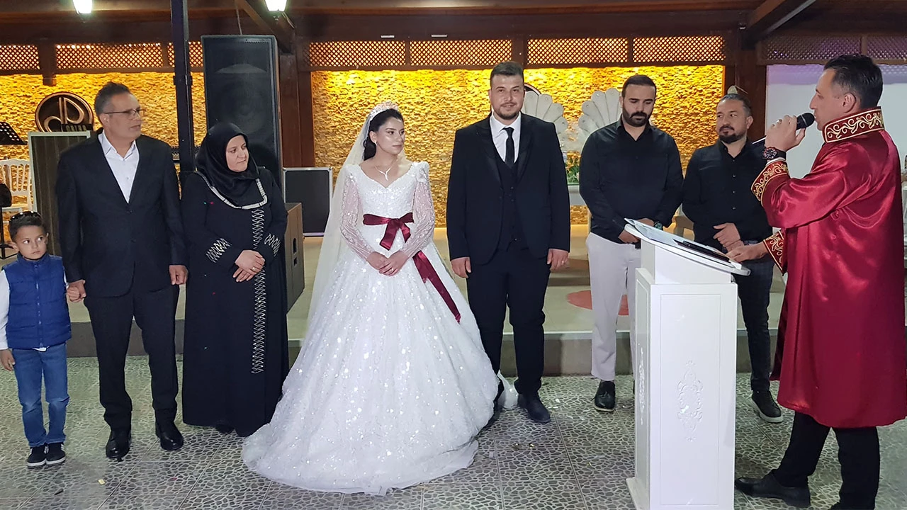Düğünpark Yazlık Doğa Salonunda gerçekleştirilen düğün törenine çiftin yakınları, arkadaşları ve aileleri katılarak mutluluklarına ortak oldular.
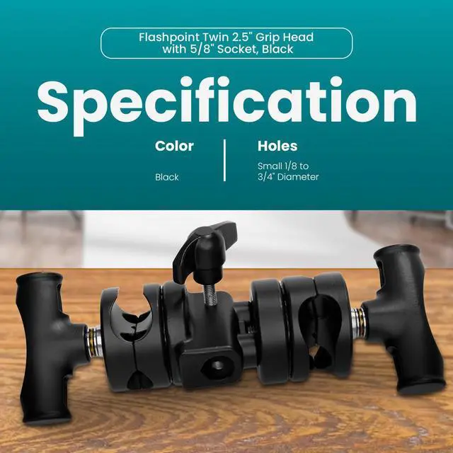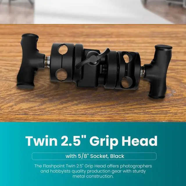 The Flashpoint Twin 2.5" Grip Head with 5/8" Socket can be mounted on a stand or grip arm. The holes in the twin grip heads are used to mount arms, studs, and other accessories onto light stands. The rotating grip heads allow you to position your accessories at any angle you require. Small diameter holes work on shafts from 1/8 to 3/4" diameter.
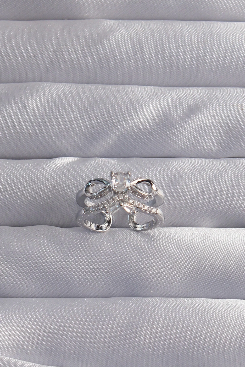 Pirinç Ayarlamalı Gümüş Renk Zirkon Taşlı 2li Görünüm Fiyonk Yüzük - TJ-BYK3288
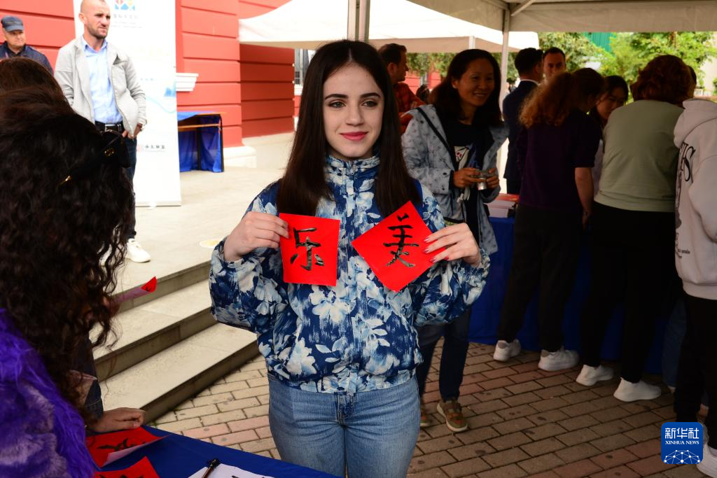 4月19日,在阿尔巴尼亚地拉那大学孔子学院举办的中文日庆祝活动上,当地学生展示自己写的汉字。
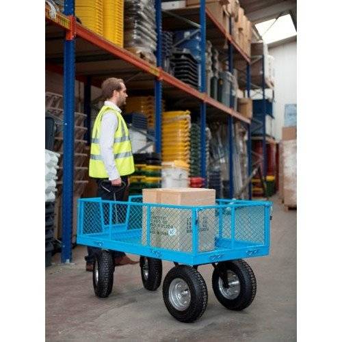 General Purpose Truck; Mesh Base; Mesh Sides & Ends With Pneumatic Wheels; 400Kg; Blue
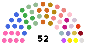 | 52 sièges du Parlement (majorité absolue : 27 sièges) | ||||||||||||||
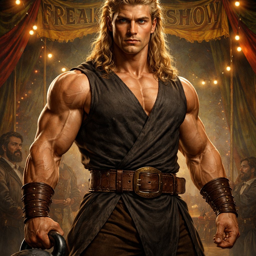 A tall well~proportioned male, so handsome he looks like a Greek god with muscles. With deep-set blue eyes and strong brows, hinting at inner depth“. His hairstyle is a blonde mullet. He works at freak show as a strong man. His outfit consistsed of a Charcoal-toned sleeveless tunic, thick leather belt, leather wristbands/cuffs, brown pants.
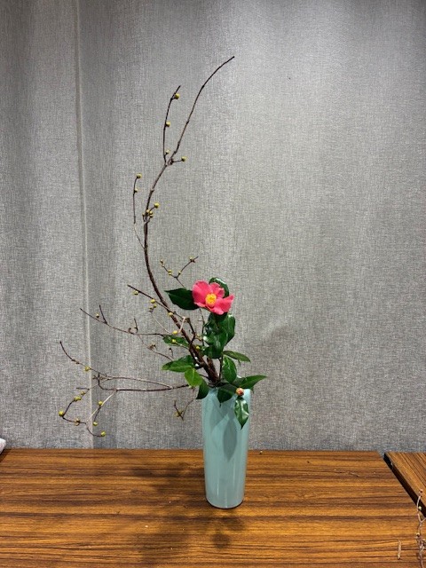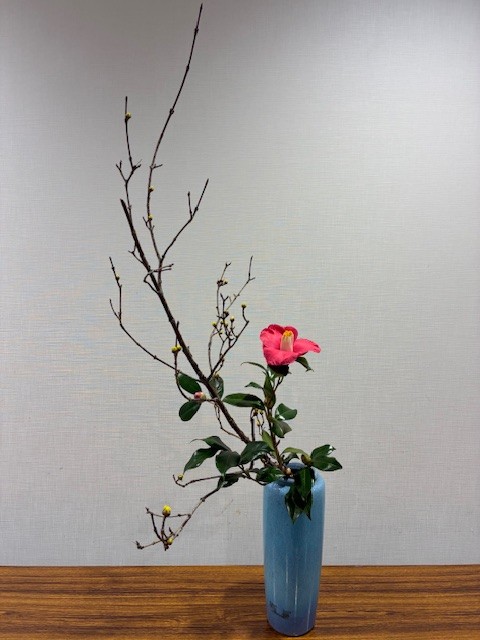 椿は開花一輪と蕾一輪で構成され省略の美を感じるようにいけるーむずい。
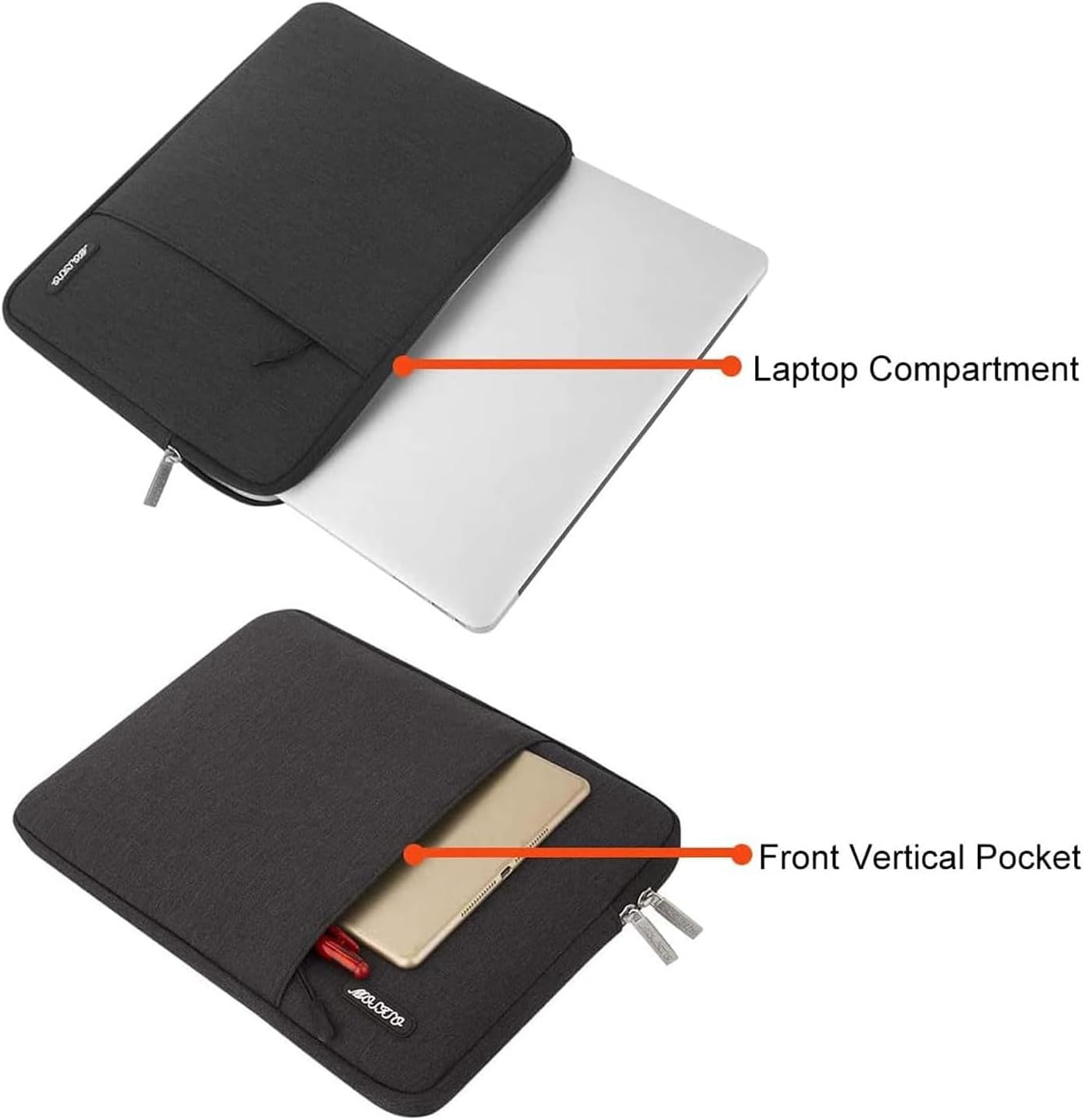 - Made with polyester material, a top opening zipper gliding smoothly and allows convenient access to your device. Slim and lightweight, does not bulk your device up and can easily slide into your briefcase, backpack or other bag.
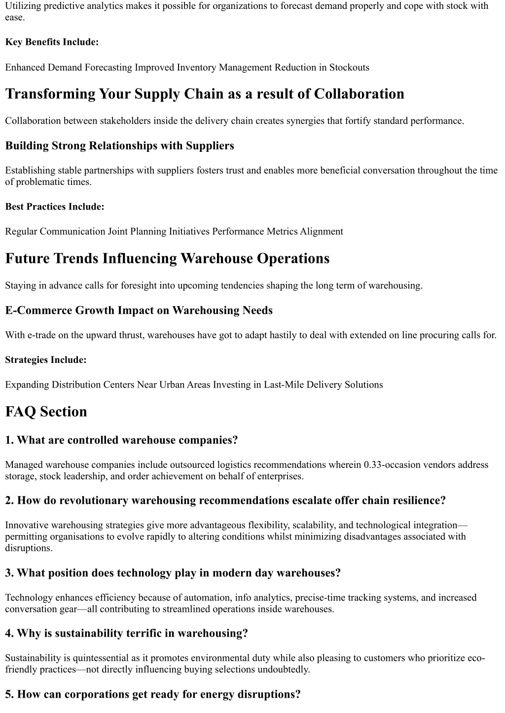Utilizing predictive analytics makes it possible for organizations to forecast demand properly and cope with stock with ease. Key Benefits Include: Enhanced Demand Forecasting Improved Inventory Management Reduction in Stockouts Transforming Your Supply Chain as a result of Collaboration Collaboration between stakeholders inside the delivery chain creates synergies that fortify standard performance. Building Strong Relationships with Suppliers Establishing stable partnerships with suppliers fosters trust and enables more beneficial conversation throughout the time of problematic times. Best Practices Include: Regular Communication Joint Planning Initiatives Performance Metrics Alignment Future Trends Influencing Warehouse Operations Staying in advance calls for foresight into upcoming tendencies shaping the long term of warehousing. E-Commerce Growth Impact on Warehousing Needs With e-trade on the upward thrust, warehouses have got to adapt hastily to deal with extended on line procuring calls for. Strategies Include: Expanding Distribution Centers Near Urban Areas Investing in Last-Mile Delivery Solutions FAQ Section 1. What are controlled warehouse companies? Managed warehouse companies include outsourced logistics recommendations wherein 0.33-occasion vendors address storage, stock leadership, and order achievement on behalf of enterprises. 2. How do revolutionary warehousing recommendations escalate offer chain resilience? Innovative warehousing strategies give more advantageous flexibility, scalability, and technological integration— permitting organisations to evolve rapidly to altering conditions whilst minimizing disadvantages associated with disruptions. 3. What position does technology play in modern day warehouses? Technology enhances efficiency because of automation, info analytics, precise-time tracking systems, and increased conversation gear—all contributing to streamlined operations inside warehouses. 4. Why is sustainability terrific in warehousing? Sustainability is quintessential as it promotes environmental duty while also pleasing to customers who prioritize eco- friendly practices—not directly influencing buying selections undoubtedly. 5. How can corporations get ready for energy disruptions?
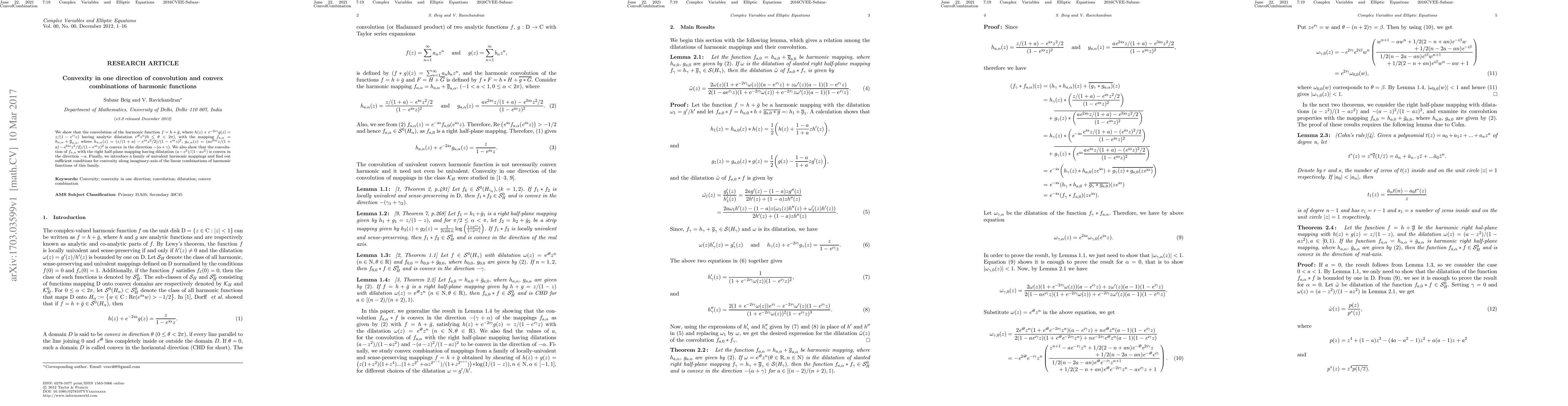 This paper demonstrates the convexity in one direction of convolutions involving harmonic functions, specifically showing that certain convolutions of specific harmonic mappings are convex in specified directions. It also explores sufficient conditions for the convexity of linear combinations of harmonic functions within a newly introduced family of univalent harmonic mappings.
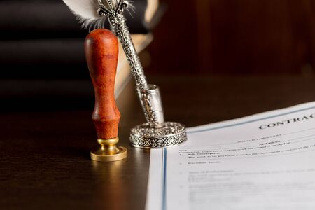 Notary and law concept. Stamp and pen on the desk in the cabinet.
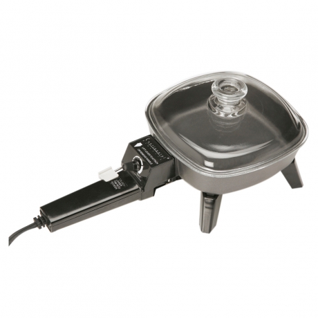 Features: -Electric skillet 6" surface for cooking and serving as a warm buffet tray. -A non-stick surface and adjustable temperature control to cook with ease. Removable handle for easy storage.. -Tempered glass lid lets you see how the food is cooking without splatters. -Durable black body and quality workmanship with 6" x 6" cooking surface. -Measures: 8.95 x 7.45 x 6.2", 600W Power. -UL Listed, and 1 Year Limited Warranty. Finish: -Black Enamel. Material: -Metal. Product Type: -Electric skillet. Dimensions: Overall Height - Top to Bottom: -6.2". Overall Width - Side to Side: -7.45". Overall Depth - Front to Back: -8.95". Overall Product Weight: -2.95 lbs.
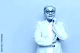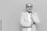 pensive old businesswoman in glasses and business clothes planning and thinking on yellow isolated background, elderly pensioner grandmother in blazer dreaming and imagining
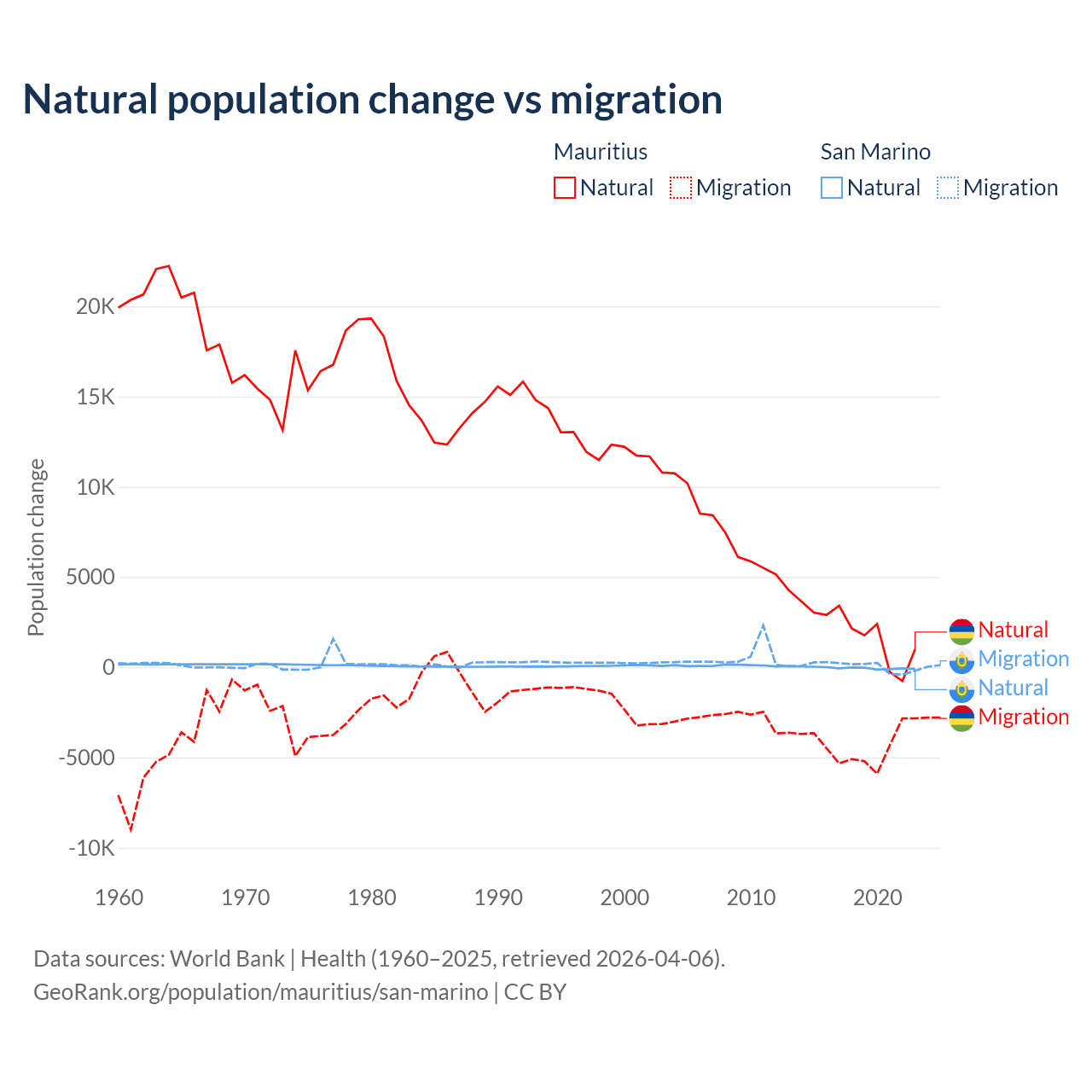Population differences between Mauritius and San Marino

+===+

» **WHAT TO PRODUCE**
This exercise calls for the complete listing, returned exactly and without images.

» **RESPONSE TO THIS TASK**
Düğünpark Yazlık Doğa Salonunda gerçekleştirilen düğün törenine çiftin yakınları, arkadaşları ve aileleri katılarak mutluluklarına ortak oldular.
 The Flashpoint Twin 2.5" Grip Head with 5/8" Socket can be mounted on a stand or grip arm. The holes in the twin grip heads are used to mount arms, studs, and other accessories onto light stands. The rotating grip heads allow you to position your accessories at any angle you require. Small diameter holes work on shafts from 1/8 to 3/4" diameter.
 Pirinç Ayarlamalı Gümüş Renk Zirkon Taşlı 2li Görünüm Fiyonk Yüzük - TJ-BYK3288
 4月19日,在阿尔巴尼亚地拉那大学孔子学院举办的中文日庆祝活动上,当地学生展示自己写的汉字。
 General Purpose Truck; Mesh Base; Mesh Sides & Ends With Pneumatic Wheels; 400Kg; Blue
 | 52 sièges du Parlement (majorité absolue : 27 sièges) | ||||||||||||||
 A tall well~proportioned male, so handsome he looks like a Greek god with muscles. With deep-set blue eyes and strong brows, hinting at inner depth“. His hairstyle is a blonde mullet. He works at freak show as a strong man. His outfit consistsed of a Charcoal-toned sleeveless tunic, thick leather belt, leather wristbands/cuffs, brown pants.
 椿は開花一輪と蕾一輪で構成され省略の美を感じるようにいけるーむずい。
 - Made with polyester material, a top opening zipper gliding smoothly and allows convenient access to your device. Slim and lightweight, does not bulk your device up and can easily slide into your briefcase, backpack or other bag.
Utilizing predictive analytics makes it possible for organizations to forecast demand properly and cope with stock with ease. Key Benefits Include: Enhanced Demand Forecasting Improved Inventory Management Reduction in Stockouts Transforming Your Supply Chain as a result of Collaboration Collaboration between stakeholders inside the delivery chain creates synergies that fortify standard performance. Building Strong Relationships with Suppliers Establishing stable partnerships with suppliers fosters trust and enables more beneficial conversation throughout the time of problematic times. Best Practices Include: Regular Communication Joint Planning Initiatives Performance Metrics Alignment Future Trends Influencing Warehouse Operations Staying in advance calls for foresight into upcoming tendencies shaping the long term of warehousing. E-Commerce Growth Impact on Warehousing Needs With e-trade on the upward thrust, warehouses have got to adapt hastily to deal with extended on line procuring calls for. Strategies Include: Expanding Distribution Centers Near Urban Areas Investing in Last-Mile Delivery Solutions FAQ Section 1. What are controlled warehouse companies? Managed warehouse companies include outsourced logistics recommendations wherein 0.33-occasion vendors address storage, stock leadership, and order achievement on behalf of enterprises. 2. How do revolutionary warehousing recommendations escalate offer chain resilience? Innovative warehousing strategies give more advantageous flexibility, scalability, and technological integration— permitting organisations to evolve rapidly to altering conditions whilst minimizing disadvantages associated with disruptions. 3. What position does technology play in modern day warehouses? Technology enhances efficiency because of automation, info analytics, precise-time tracking systems, and increased conversation gear—all contributing to streamlined operations inside warehouses. 4. Why is sustainability terrific in warehousing? Sustainability is quintessential as it promotes environmental duty while also pleasing to customers who prioritize eco- friendly practices—not directly influencing buying selections undoubtedly. 5. How can corporations get ready for energy disruptions?
 This paper demonstrates the convexity in one direction of convolutions involving harmonic functions, specifically showing that certain convolutions of specific harmonic mappings are convex in specified directions. It also explores sufficient conditions for the convexity of linear combinations of harmonic functions within a newly introduced family of univalent harmonic mappings.
 Notary and law concept. Stamp and pen on the desk in the cabinet.
 Features: -Electric skillet 6" surface for cooking and serving as a warm buffet tray. -A non-stick surface and adjustable temperature control to cook with ease. Removable handle for easy storage.. -Tempered glass lid lets you see how the food is cooking without splatters. -Durable black body and quality workmanship with 6" x 6" cooking surface. -Measures: 8.95 x 7.45 x 6.2", 600W Power. -UL Listed, and 1 Year Limited Warranty. Finish: -Black Enamel. Material: -Metal. Product Type: -Electric skillet. Dimensions: Overall Height - Top to Bottom: -6.2". Overall Width - Side to Side: -7.45". Overall Depth - Front to Back: -8.95". Overall Product Weight: -2.95 lbs.
 pensive old businesswoman in glasses and business clothes planning and thinking on yellow isolated background, elderly pensioner grandmother in blazer dreaming and imagining
Population differences between Mauritius and San Marino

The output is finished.